* [Data]
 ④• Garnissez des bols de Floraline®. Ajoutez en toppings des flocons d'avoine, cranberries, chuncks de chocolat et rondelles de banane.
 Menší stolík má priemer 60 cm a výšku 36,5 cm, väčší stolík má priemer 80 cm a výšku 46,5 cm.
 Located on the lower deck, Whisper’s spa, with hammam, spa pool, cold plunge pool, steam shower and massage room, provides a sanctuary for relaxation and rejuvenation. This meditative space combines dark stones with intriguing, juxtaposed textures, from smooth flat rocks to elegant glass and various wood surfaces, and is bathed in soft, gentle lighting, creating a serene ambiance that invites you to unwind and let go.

* * *

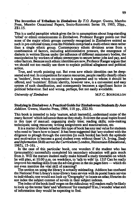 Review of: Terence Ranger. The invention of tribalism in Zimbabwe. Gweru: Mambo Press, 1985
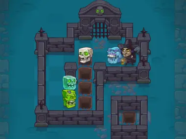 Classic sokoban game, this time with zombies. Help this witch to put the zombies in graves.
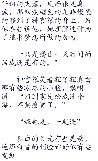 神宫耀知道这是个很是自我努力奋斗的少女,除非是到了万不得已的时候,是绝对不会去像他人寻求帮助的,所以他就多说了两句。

* [Directions] Return exactly the lines above, from the one with "Review of: Terence" up to and including the one with "神宫耀知道这是个很是自我努力", and include no pictures.

* [Answer below]
 Review of: Terence Ranger. The invention of tribalism in Zimbabwe. Gweru: Mambo Press, 1985
 Classic sokoban game, this time with zombies. Help this witch to put the zombies in graves.
 神宫耀知道这是个很是自我努力奋斗的少女,除非是到了万不得已的时候,是绝对不会去像他人寻求帮助的,所以他就多说了两句。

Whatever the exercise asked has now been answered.